Has ever the thought of drinking mulled wine at 11 a.m. occurred to you? How about a ginger ale at lunchtime? We haven’t gone nuts — these ideas are possible if you try soft drinks under the brand called Space.
Passionfruit, cheese, violet, sea salt, watermelon — this is far from the full list of ingredients used to create non-alcoholic drinks Space. Moreover, they are sugar-free, preservative-free, and GMO-free. These lemonades can be drunk both cold and hot, e.g. in winter.
Meet Sergey Bondarev — the co-founder of Space D2C brand. Sergey told Kladana how to make, promote, and sell soft drinks. You will learn what it is like to compete with Pepsi, Coca-Cola, and Georgian lemonade monsters.
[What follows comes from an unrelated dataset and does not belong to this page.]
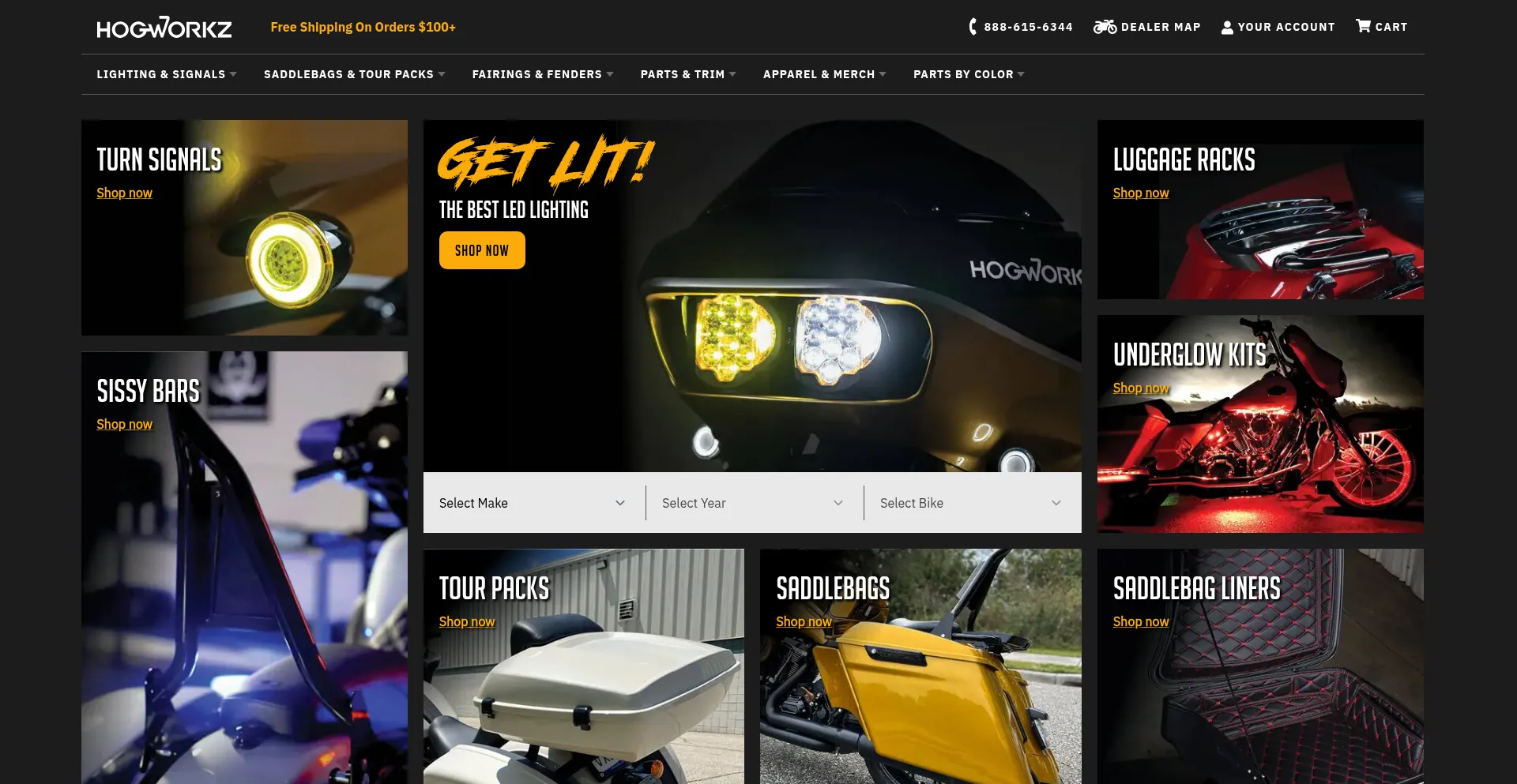 The hogworkz.com website uses Google Tag Manager to add and update tracking tags on its website.

And the most important thing is that the business was launched like a micro startup: quickly, without loans, investors, and fear.
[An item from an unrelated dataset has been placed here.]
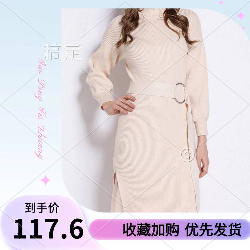 艾尔玛2019秋冬季连衣裙新款针织裙中长款两件套打底毛衣裙

How a Bartender Camp up with the Idea of Making his own Lemonades
For 10 years I had been working in various cocktail bars, and the last one was a small gin bar. There were only four cocktails. Each one was made in about 200 variations. One of the cocktails was a gin and tonic. But there were always not enough tonics — two or three, and there were a lot of gins, so it was impossible to reach 200 variations.
Then in 2018, we decided to create our own tonic. I stayed after my shift to make these drinks. The first ones were in plastic bottles. We screwed the caps on ourselves, glued the labels on, and sold only at the bar.
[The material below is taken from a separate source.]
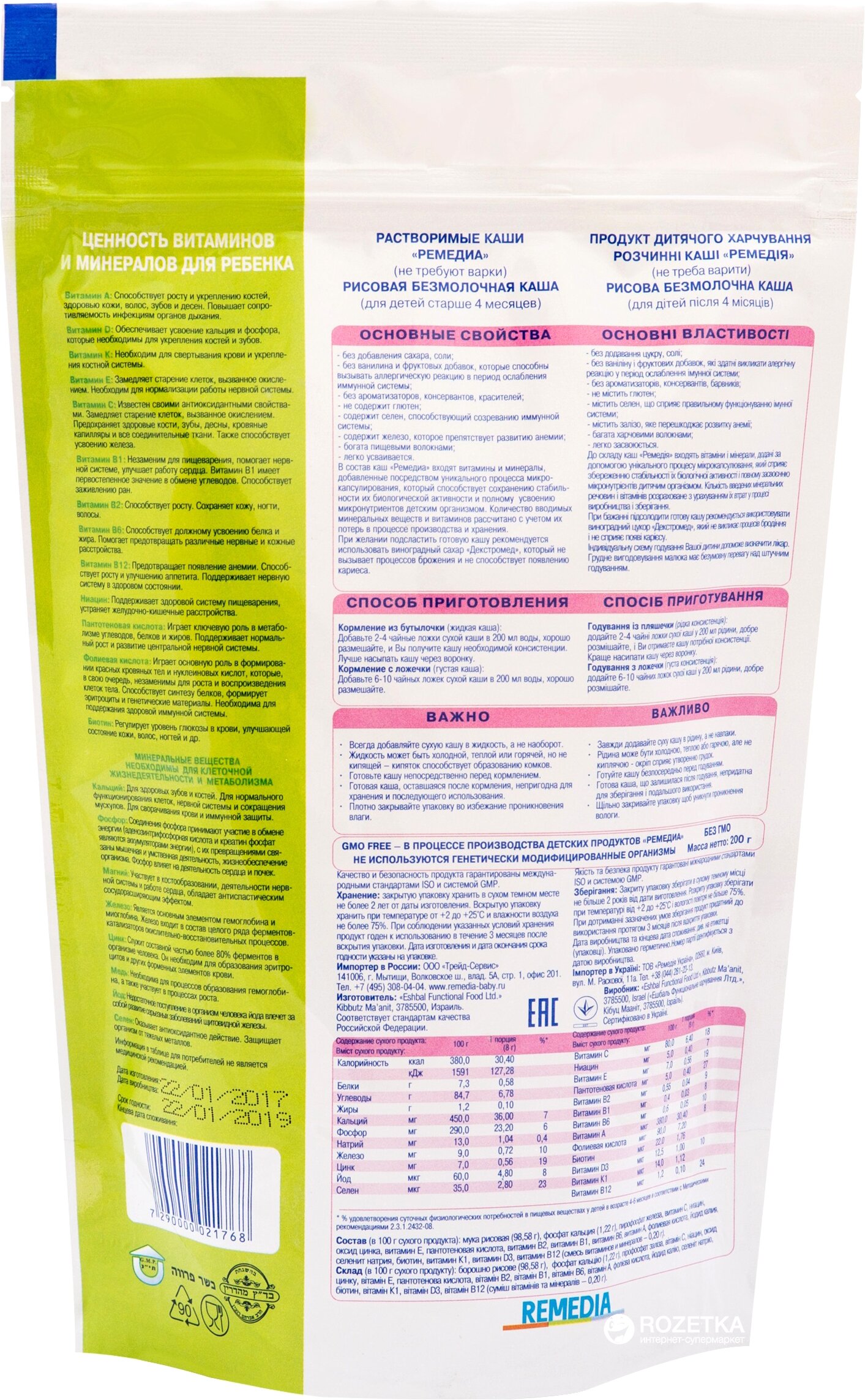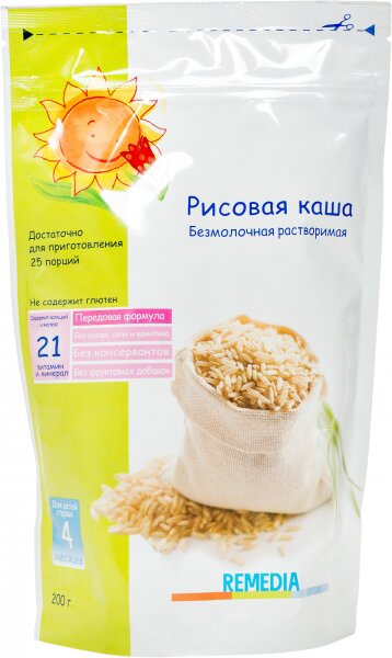 Дитячі каші Remedia виробляються в Ізраїлі із застосуванням сучасних технологій у фармацевтиці та харчовій промисловості. Висока якість і безпека дитячого харчування гарантовані міжнародними стандартами ISO та системою GMP. Каші мають натуральний злаковий смак і запах, оскільки в їх склад входять тільки злакове борошно для дитячого харчування й комплекс вітамінів і мінералів. Тому каші Remedia ідеально підходять для введення як перший прикорм та дітям, схильним до алергії. Гіпоалергенний склад каш повністю виключає додавання молока, цукру, солі, натуральних фруктових і овочевих добавок, а також не містить ванілін, який може викликати алергічну реакцію. Для збагачення каш Remedia використовуються саме ті мікронутрієнти, дефіцит яких є реально, широко поширений і небезпечний для здоров'я дитини.

Then I realized it was time to launch manufacturing. We prepared all the documents, certified the product, and switched to glass bottles. Then we parted ways with investors, and In 2019, my wife & I founded our own brand — Space.
We Invested 18 Times Less Money than we were Told
When I was just starting to get into business, I met a guy. He was a potential investor and a marketing director in a large company. He told me that the minimum entry threshold was 146–155 lakh rupees. We invested less than 800,000 rupees. Investors were not attracted.
We have several competitive advantages. Sometimes a cool illustration on the label is important, or you need to call and explain why our drink is better than another. Sometimes you can play on pricing, saying «You are now making a cocktail and it costs 129 rupees, but with our drink, it will cost 86 rupees — the margin will increase».
Why Such Peculiar Flavours
One of our strongest competitive advantages is that we can make a lot of interesting flavours for specific tasks. So far we have certified 47 different flavours. We can’t fit them all into one product line, so we sell lemonades under different brands.
For example, for the restaurant chain Syrovarnya (which can be translated as «Cheese Dairy»), we made a complex flavour «cheese with melon».
That’s why I try not to focus on focus groups, but rather on real customers. When they say that everything is great, but they would like the flavour to be sweeter, we start thinking about it and ask other customers.
Most often we turn to distributors, because they are further ahead in promoting our lemonades, they know their customers’ habits better and can answer questions expertly.
Distributors know a lot about our product — they see data from manufacturing and photographs, they understand what to do with the lemonade, what it consists of, and so on. This makes it easy for us to spread the word.
Production Management at Kladana
My wife handles paperwork, accepts orders, and uses cloud services for work, Kladana in particular. I am responsible for production and shipments.
We also have two employees. For all the rest, we use outsourcing:
- Cars that travel from production to warehouse;
- A marketing specialist from Minsk (Belarus);
- Manufacturing in the Moscow region;
- A logistics company that delivers bottles to us.
We try to work with companies rather than with people. Even my brother, our designer, who did all the identity and branding of Space, also founded a company and now accepts orders not only from us.
Thanks to this model, a logical cost structure was obtained: if the machine did not deliver any products from manufacturing, then we do not pay for it; If there is enough lemonade in stock and we have not released a single bottle, we do not pay for the production.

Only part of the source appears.